(Dataset records)
_ _ _ _ _ _ _
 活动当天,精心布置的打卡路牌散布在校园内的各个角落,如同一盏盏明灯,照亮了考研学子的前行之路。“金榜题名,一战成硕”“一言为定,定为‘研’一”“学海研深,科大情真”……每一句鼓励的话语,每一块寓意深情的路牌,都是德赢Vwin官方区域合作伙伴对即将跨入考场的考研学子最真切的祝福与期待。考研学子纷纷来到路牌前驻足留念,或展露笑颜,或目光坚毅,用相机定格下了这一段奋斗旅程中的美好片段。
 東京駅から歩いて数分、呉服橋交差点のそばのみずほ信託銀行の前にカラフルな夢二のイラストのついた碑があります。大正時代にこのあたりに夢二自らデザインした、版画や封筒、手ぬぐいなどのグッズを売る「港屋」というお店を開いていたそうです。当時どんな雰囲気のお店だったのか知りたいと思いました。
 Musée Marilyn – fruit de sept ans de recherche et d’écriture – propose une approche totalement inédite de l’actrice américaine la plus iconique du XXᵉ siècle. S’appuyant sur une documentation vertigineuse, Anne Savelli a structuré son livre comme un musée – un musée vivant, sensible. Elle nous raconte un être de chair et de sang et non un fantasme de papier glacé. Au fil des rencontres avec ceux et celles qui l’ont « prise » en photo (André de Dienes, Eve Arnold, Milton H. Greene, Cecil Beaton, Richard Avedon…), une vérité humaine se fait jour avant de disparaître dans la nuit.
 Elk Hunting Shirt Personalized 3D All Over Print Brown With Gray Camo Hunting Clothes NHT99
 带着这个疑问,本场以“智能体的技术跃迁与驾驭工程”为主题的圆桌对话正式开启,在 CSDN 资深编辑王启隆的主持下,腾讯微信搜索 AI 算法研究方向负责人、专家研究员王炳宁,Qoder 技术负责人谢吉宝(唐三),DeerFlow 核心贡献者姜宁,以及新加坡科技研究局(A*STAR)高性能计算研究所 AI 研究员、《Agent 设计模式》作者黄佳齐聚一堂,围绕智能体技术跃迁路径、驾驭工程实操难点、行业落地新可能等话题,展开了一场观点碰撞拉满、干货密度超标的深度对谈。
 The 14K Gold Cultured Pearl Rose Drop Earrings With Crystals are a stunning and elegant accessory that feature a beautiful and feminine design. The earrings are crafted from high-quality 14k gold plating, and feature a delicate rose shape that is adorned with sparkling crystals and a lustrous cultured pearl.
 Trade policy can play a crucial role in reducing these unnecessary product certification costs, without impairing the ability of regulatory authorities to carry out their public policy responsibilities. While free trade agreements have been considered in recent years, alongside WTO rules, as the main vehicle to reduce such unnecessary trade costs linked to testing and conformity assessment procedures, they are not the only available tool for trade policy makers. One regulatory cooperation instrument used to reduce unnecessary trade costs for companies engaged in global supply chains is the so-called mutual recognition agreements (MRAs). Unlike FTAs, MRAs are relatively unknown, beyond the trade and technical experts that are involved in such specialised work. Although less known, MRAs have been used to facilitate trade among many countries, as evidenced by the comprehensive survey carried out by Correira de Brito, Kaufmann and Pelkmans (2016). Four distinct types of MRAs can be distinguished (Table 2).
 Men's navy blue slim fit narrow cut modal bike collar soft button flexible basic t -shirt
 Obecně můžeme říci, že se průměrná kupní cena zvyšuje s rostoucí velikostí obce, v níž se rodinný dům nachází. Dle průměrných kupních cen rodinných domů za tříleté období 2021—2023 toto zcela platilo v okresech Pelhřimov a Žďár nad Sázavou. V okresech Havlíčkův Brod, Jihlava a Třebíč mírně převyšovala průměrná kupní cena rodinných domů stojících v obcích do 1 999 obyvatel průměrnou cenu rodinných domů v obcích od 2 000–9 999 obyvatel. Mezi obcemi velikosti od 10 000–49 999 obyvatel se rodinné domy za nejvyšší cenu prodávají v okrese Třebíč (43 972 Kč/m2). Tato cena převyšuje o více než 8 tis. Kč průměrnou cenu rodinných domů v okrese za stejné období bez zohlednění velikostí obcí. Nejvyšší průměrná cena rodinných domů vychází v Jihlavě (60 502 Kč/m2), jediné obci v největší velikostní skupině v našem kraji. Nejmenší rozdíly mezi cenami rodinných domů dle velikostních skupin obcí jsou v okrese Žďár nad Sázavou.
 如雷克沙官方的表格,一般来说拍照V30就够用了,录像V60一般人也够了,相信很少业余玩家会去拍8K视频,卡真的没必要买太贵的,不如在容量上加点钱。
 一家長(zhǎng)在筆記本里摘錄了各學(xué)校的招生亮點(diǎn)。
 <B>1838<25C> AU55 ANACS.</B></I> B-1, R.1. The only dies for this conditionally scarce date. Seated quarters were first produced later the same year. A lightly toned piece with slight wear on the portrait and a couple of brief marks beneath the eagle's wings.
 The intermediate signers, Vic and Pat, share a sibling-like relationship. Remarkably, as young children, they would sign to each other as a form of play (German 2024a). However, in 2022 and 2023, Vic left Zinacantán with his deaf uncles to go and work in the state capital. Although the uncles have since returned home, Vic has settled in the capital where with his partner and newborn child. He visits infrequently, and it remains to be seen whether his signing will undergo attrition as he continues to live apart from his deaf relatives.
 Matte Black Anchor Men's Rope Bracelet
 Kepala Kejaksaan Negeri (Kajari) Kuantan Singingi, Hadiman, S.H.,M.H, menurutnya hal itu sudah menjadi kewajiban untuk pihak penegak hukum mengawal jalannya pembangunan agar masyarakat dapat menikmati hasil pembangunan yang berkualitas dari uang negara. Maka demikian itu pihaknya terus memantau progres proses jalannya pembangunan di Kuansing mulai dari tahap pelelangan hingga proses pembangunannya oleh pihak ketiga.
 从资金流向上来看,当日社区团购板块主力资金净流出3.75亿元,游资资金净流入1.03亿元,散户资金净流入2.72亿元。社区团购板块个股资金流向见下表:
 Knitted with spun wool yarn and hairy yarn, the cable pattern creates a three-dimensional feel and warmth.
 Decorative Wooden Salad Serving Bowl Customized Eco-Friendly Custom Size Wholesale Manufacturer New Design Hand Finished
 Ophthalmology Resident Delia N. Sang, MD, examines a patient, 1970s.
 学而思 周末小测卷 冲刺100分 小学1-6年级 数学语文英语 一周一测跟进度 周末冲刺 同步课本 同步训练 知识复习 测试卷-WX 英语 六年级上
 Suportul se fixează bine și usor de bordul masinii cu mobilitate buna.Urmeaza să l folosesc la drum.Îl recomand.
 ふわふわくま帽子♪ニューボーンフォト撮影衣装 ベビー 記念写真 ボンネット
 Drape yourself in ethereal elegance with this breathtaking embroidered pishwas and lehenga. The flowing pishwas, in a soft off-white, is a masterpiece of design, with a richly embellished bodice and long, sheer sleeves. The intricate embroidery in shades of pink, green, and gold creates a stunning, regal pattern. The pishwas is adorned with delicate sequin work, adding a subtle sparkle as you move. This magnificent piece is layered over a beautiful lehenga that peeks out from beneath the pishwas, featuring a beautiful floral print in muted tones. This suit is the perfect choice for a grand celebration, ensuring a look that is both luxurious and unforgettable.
_ _ _ _ _ _ _
# [Problem description]
Take the line above containing "Matte Black Anchor Men's Rope Bracelet", the line containing "从资金流向上来看,当日社区团", and all lines in between, and copy them exactly without anything else.

# [Written answer]
 Matte Black Anchor Men's Rope Bracelet
 Kepala Kejaksaan Negeri (Kajari) Kuantan Singingi, Hadiman, S.H.,M.H, menurutnya hal itu sudah menjadi kewajiban untuk pihak penegak hukum mengawal jalannya pembangunan agar masyarakat dapat menikmati hasil pembangunan yang berkualitas dari uang negara. Maka demikian itu pihaknya terus memantau progres proses jalannya pembangunan di Kuansing mulai dari tahap pelelangan hingga proses pembangunannya oleh pihak ketiga.
 从资金流向上来看,当日社区团购板块主力资金净流出3.75亿元,游资资金净流入1.03亿元,散户资金净流入2.72亿元。社区团购板块个股资金流向见下表:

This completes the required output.